Type Punning via a Union

880 views
Skip to first unread message

Joshua Boyce

unread,
Nov 20, 2012, 2:46:14 AM11/20/12
to std-dis...@isocpp.org
Basically, my question is why C++ doesn't explicitly support type punning via a union like C99/C11 does. It is surprising to me that support for this was not added in C++11 (or am I mistaken?).

Daniel Krügler

unread,
Nov 20, 2012, 2:49:44 AM11/20/12
to std-dis...@isocpp.org
2012/11/20 Joshua Boyce <raptor...@raptorfactor.com>

Basically, my question is why C++ doesn't explicitly support type punning via a union like C99/C11 does. It is surprising to me that support for this was not added in C++11 (or am I mistaken?).

Please be a more specific, neither C11 nor C++11 use the term "type punning" in normative ways.

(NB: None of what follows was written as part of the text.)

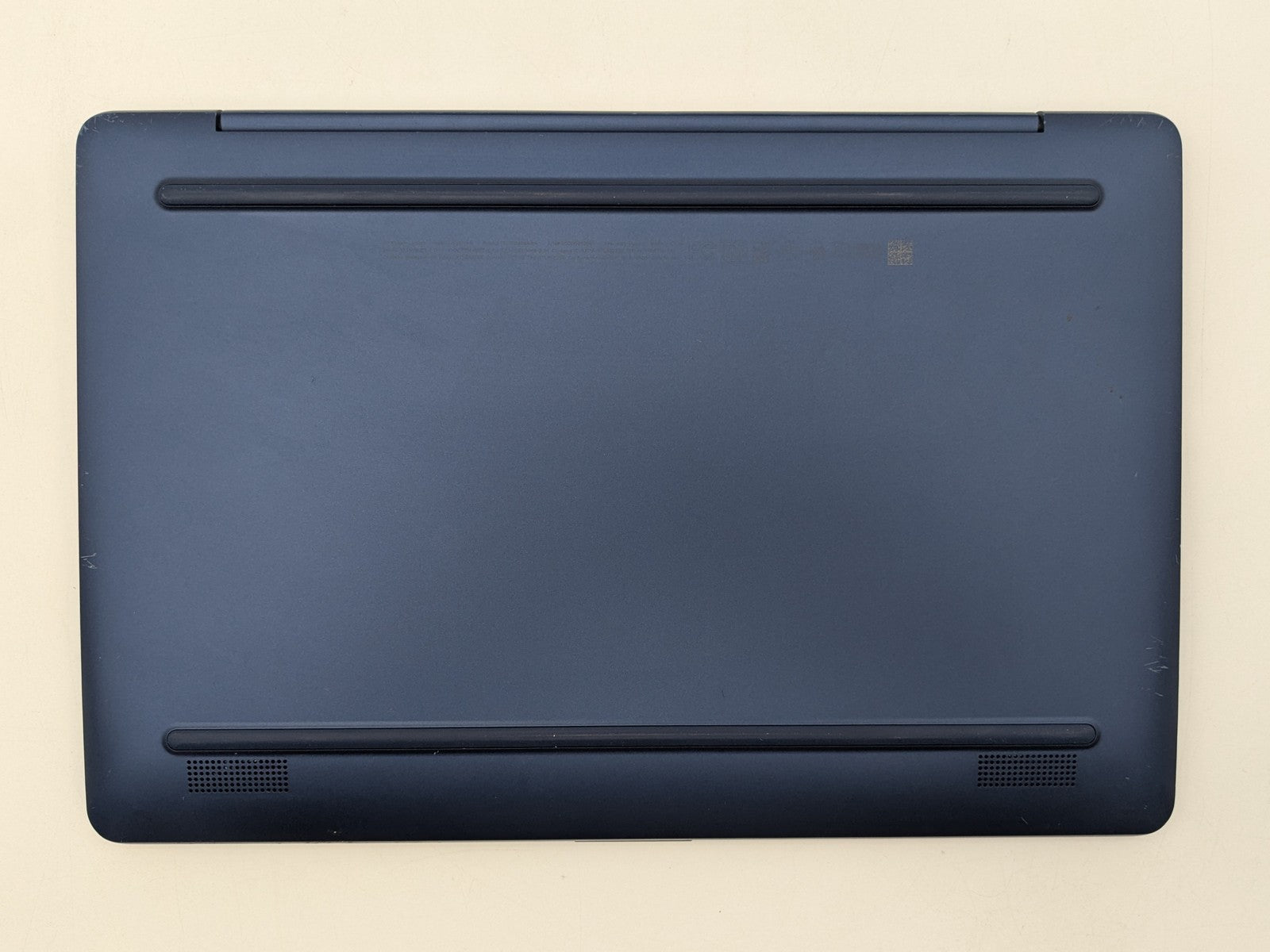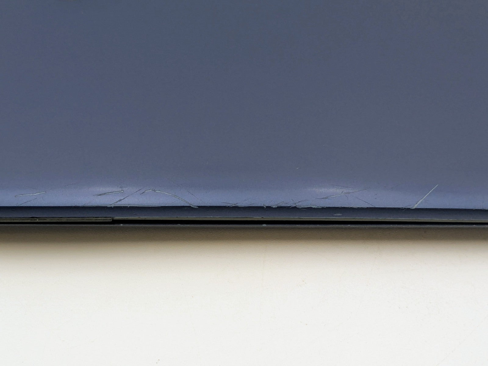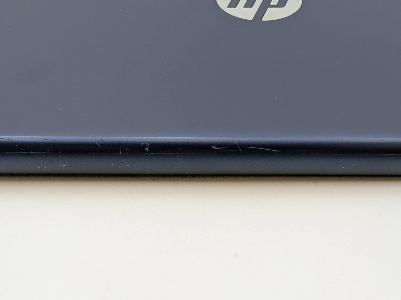 Cosmetic Defects: Interior: Display has visible scratches and white spots. Palm rest has small visible scratches. Exterior: Top cover has heavy wear/scratches. Bottom cover has moderate wear/scratches.

An example would also help a lot here.

- Daniel

Joshua Boyce

unread,
Nov 20, 2012, 3:22:51 AM11/20/12
to std-dis...@isocpp.org
My apologies.

Basically I wish to do something like this:
union Foo
{
  int i;
  float f;
};
Foo foo;
foo.f = 2.0f;
int i = foo.i;
// do something with i

It's my understanding that in C99 this is allowed. I don't have a copy of the 'official' C99 or C11 standard on-hand, but the April 12, 2011 draft[1] contains the same footnote (§6.5.2.3 footnote 95).

If the member used to read the contents of a union object is not the same as the member last used to
store a value in the object, the appropriate part of the object representation of the value is reinterpreted
as an object representation in the new type as described in 6.2.6 (a process sometimes called ‘‘type
punning’’). This might be a trap representation.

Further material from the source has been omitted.